▶ **Information supplied**
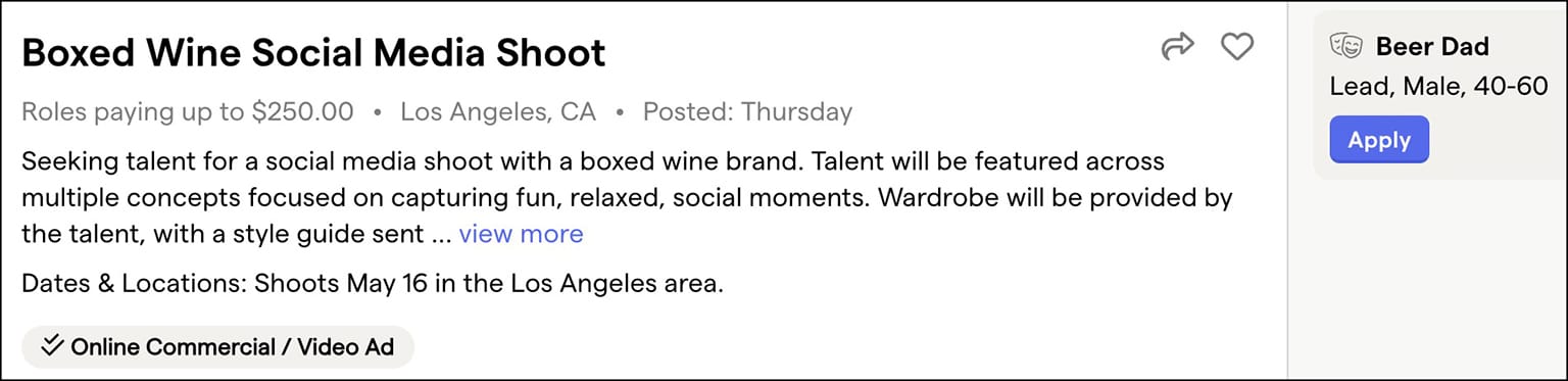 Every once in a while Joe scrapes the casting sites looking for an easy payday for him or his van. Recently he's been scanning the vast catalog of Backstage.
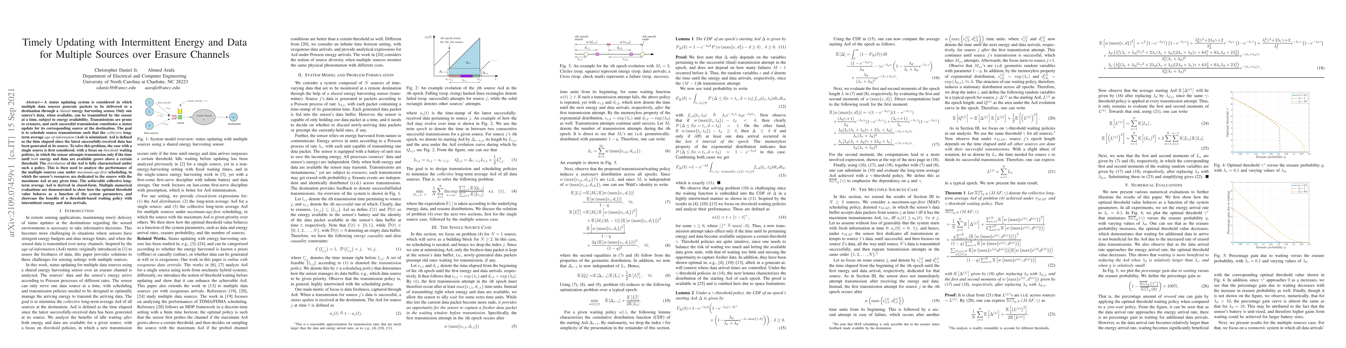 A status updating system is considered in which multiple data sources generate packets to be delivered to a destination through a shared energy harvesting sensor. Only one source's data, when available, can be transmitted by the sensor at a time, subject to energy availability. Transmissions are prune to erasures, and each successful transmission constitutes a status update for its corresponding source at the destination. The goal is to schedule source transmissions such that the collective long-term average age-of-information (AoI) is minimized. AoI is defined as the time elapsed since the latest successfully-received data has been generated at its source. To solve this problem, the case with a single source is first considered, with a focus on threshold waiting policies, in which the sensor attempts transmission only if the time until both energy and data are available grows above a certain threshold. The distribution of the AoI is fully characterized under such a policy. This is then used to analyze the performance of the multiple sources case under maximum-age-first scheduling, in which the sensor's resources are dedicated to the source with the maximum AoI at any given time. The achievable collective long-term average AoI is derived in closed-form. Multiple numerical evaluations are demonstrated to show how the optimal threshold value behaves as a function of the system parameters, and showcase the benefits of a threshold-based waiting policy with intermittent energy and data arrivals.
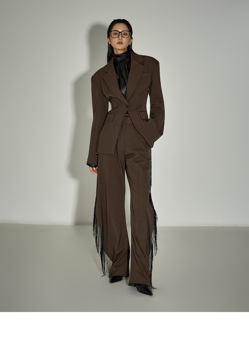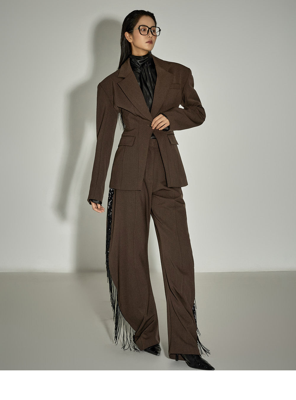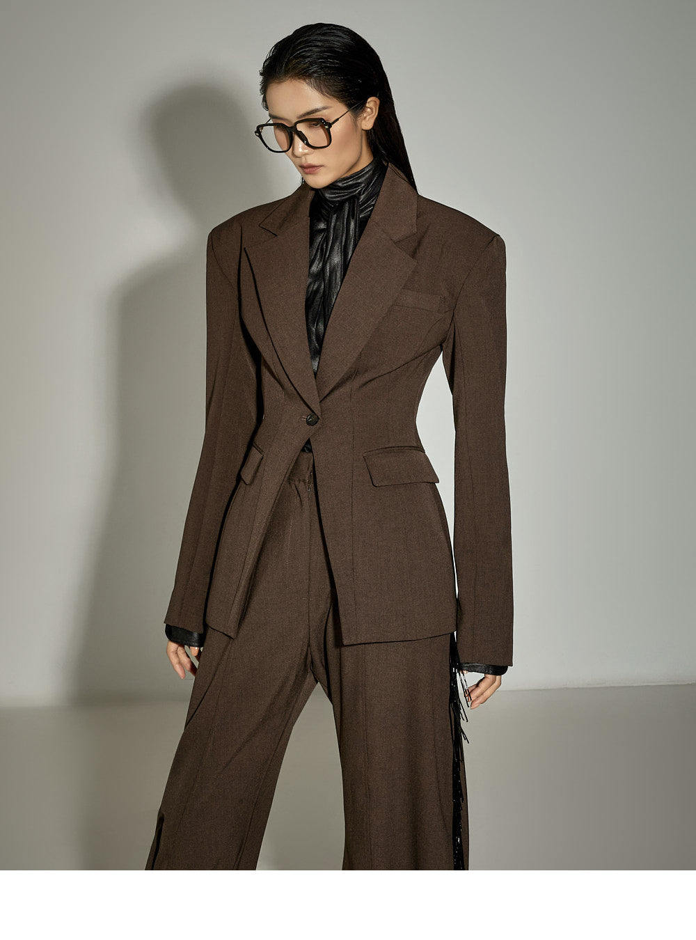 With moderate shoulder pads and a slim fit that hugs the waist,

▶ **Problem statement**
When you copy the listing above, reproduce every line exactly and skip the images.

▶ **Result of this task**
 Every once in a while Joe scrapes the casting sites looking for an easy payday for him or his van. Recently he's been scanning the vast catalog of Backstage.
 A status updating system is considered in which multiple data sources generate packets to be delivered to a destination through a shared energy harvesting sensor. Only one source's data, when available, can be transmitted by the sensor at a time, subject to energy availability. Transmissions are prune to erasures, and each successful transmission constitutes a status update for its corresponding source at the destination. The goal is to schedule source transmissions such that the collective long-term average age-of-information (AoI) is minimized. AoI is defined as the time elapsed since the latest successfully-received data has been generated at its source. To solve this problem, the case with a single source is first considered, with a focus on threshold waiting policies, in which the sensor attempts transmission only if the time until both energy and data are available grows above a certain threshold. The distribution of the AoI is fully characterized under such a policy. This is then used to analyze the performance of the multiple sources case under maximum-age-first scheduling, in which the sensor's resources are dedicated to the source with the maximum AoI at any given time. The achievable collective long-term average AoI is derived in closed-form. Multiple numerical evaluations are demonstrated to show how the optimal threshold value behaves as a function of the system parameters, and showcase the benefits of a threshold-based waiting policy with intermittent energy and data arrivals.
 With moderate shoulder pads and a slim fit that hugs the waist,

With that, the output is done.